● Data shown
··········

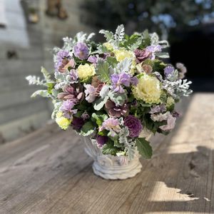 散策路、本日の締めくくりは花束・寄せ植えです。新春らしい彩りにたくさん出合えた1日でした。
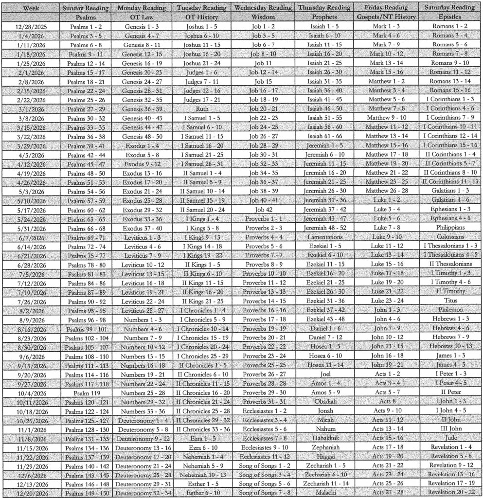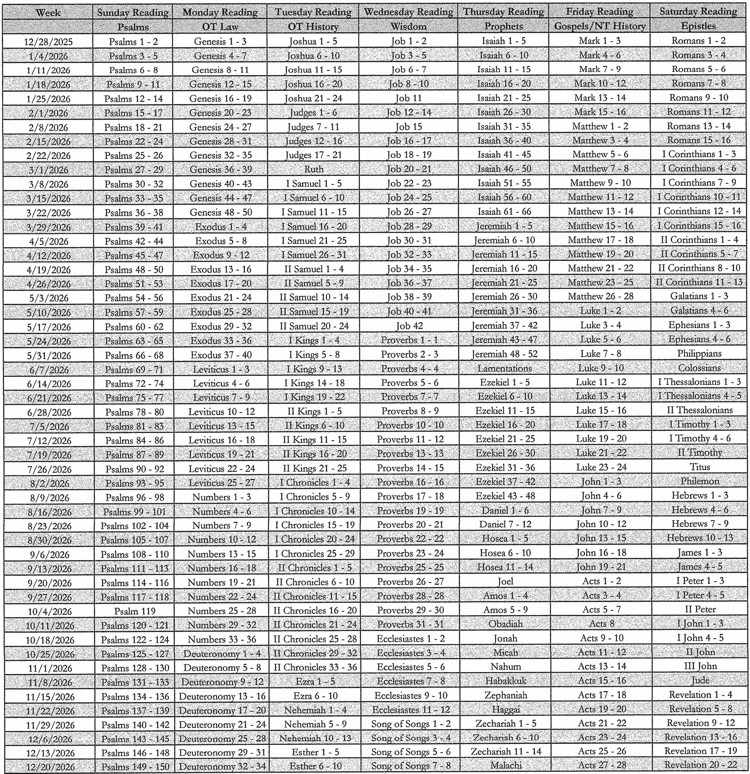 As the new year begins, most Bible reading plans start over. Our plan is no different, other than the fact that it’s already started! Since we have a 52 week plan, it doesn’t coincide exactly with the new year changeover. But now is still a good time to start – you’re only three easy days behind.
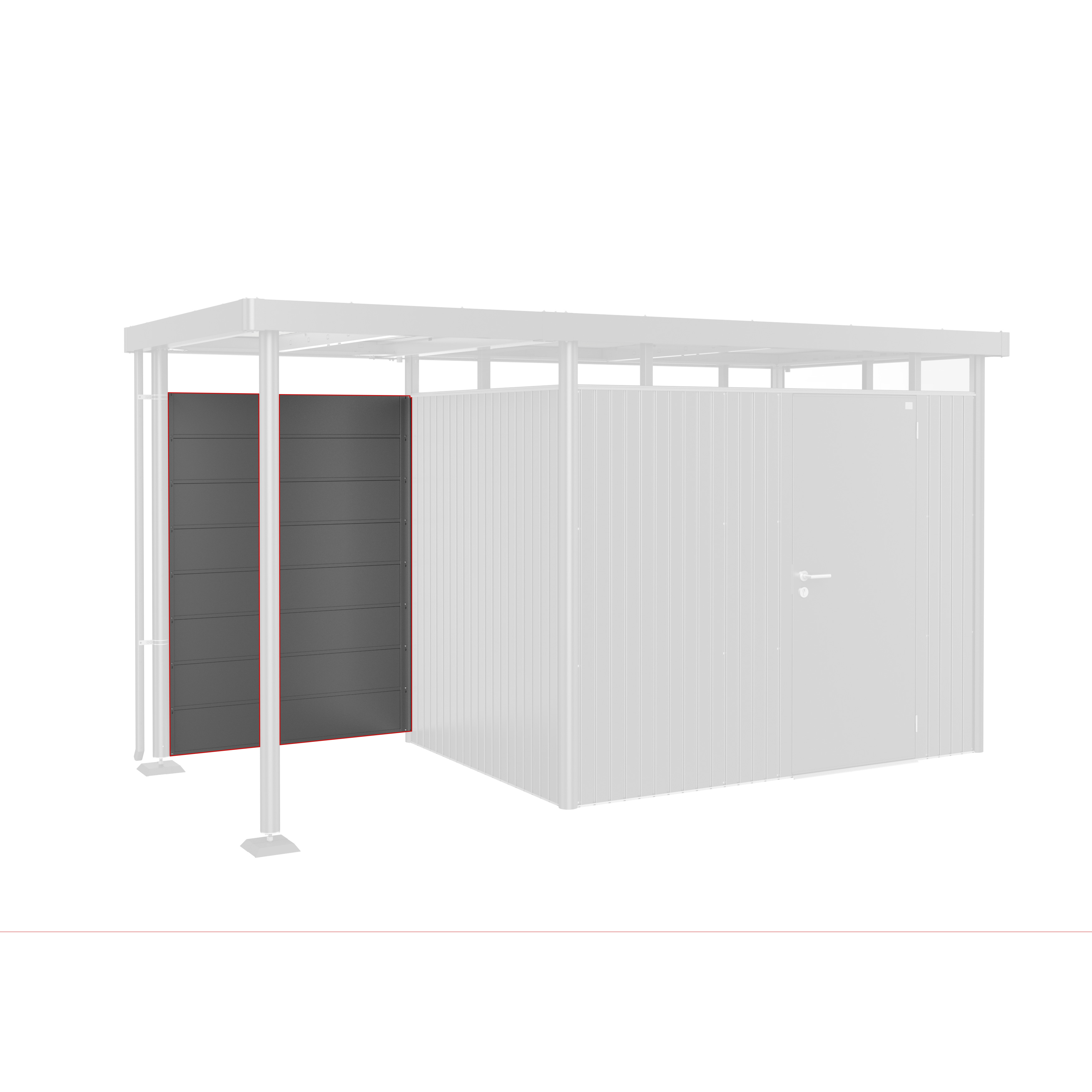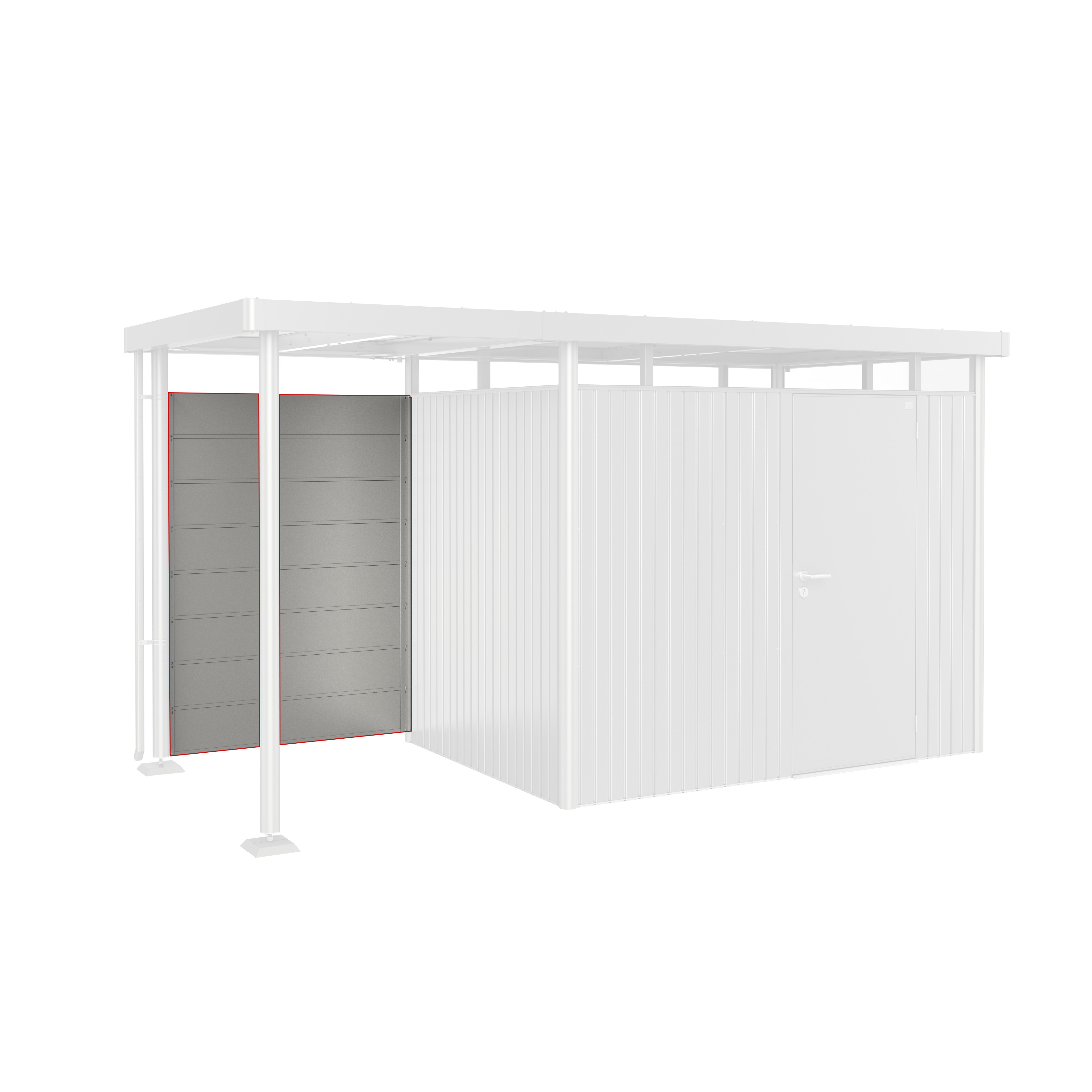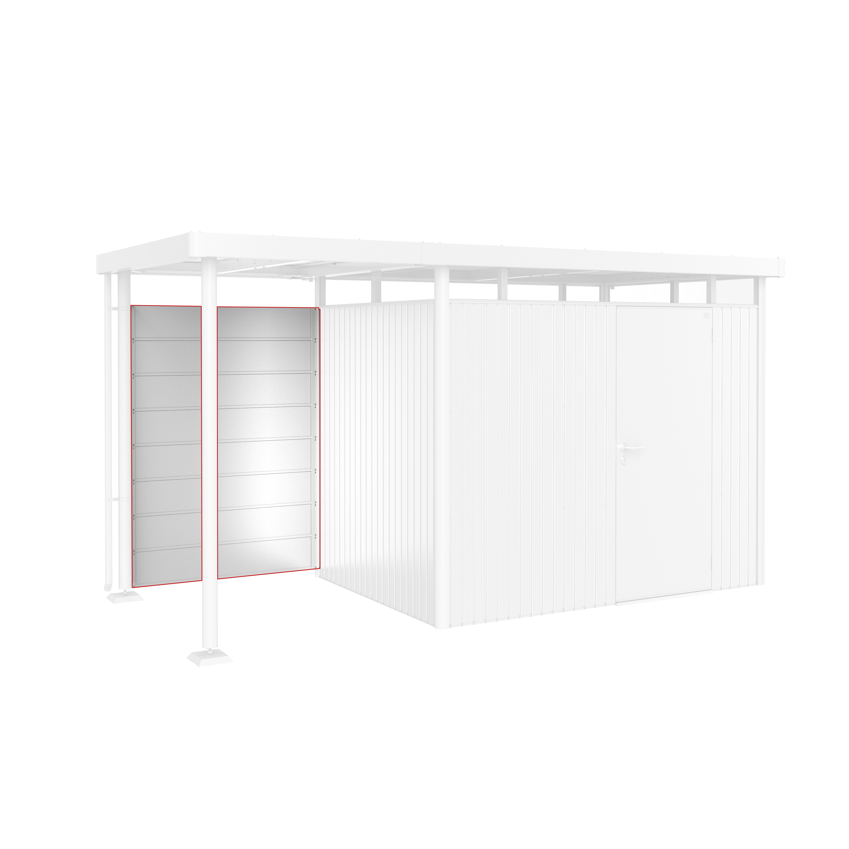 Du kan fästa en bakvägg och/eller en sidovägg mot sidotaket på din HighLine®-bod (från storlek H2)/Neo (från storlek 2A). De finns i samma färger som boden.

··········

● Exercise
The answer should be the full material above, printed exactly, with no pictures in it.

● Expected output
 散策路、本日の締めくくりは花束・寄せ植えです。新春らしい彩りにたくさん出合えた1日でした。
 As the new year begins, most Bible reading plans start over. Our plan is no different, other than the fact that it’s already started! Since we have a 52 week plan, it doesn’t coincide exactly with the new year changeover. But now is still a good time to start – you’re only three easy days behind.
 Du kan fästa en bakvägg och/eller en sidovägg mot sidotaket på din HighLine®-bod (från storlek H2)/Neo (från storlek 2A). De finns i samma färger som boden.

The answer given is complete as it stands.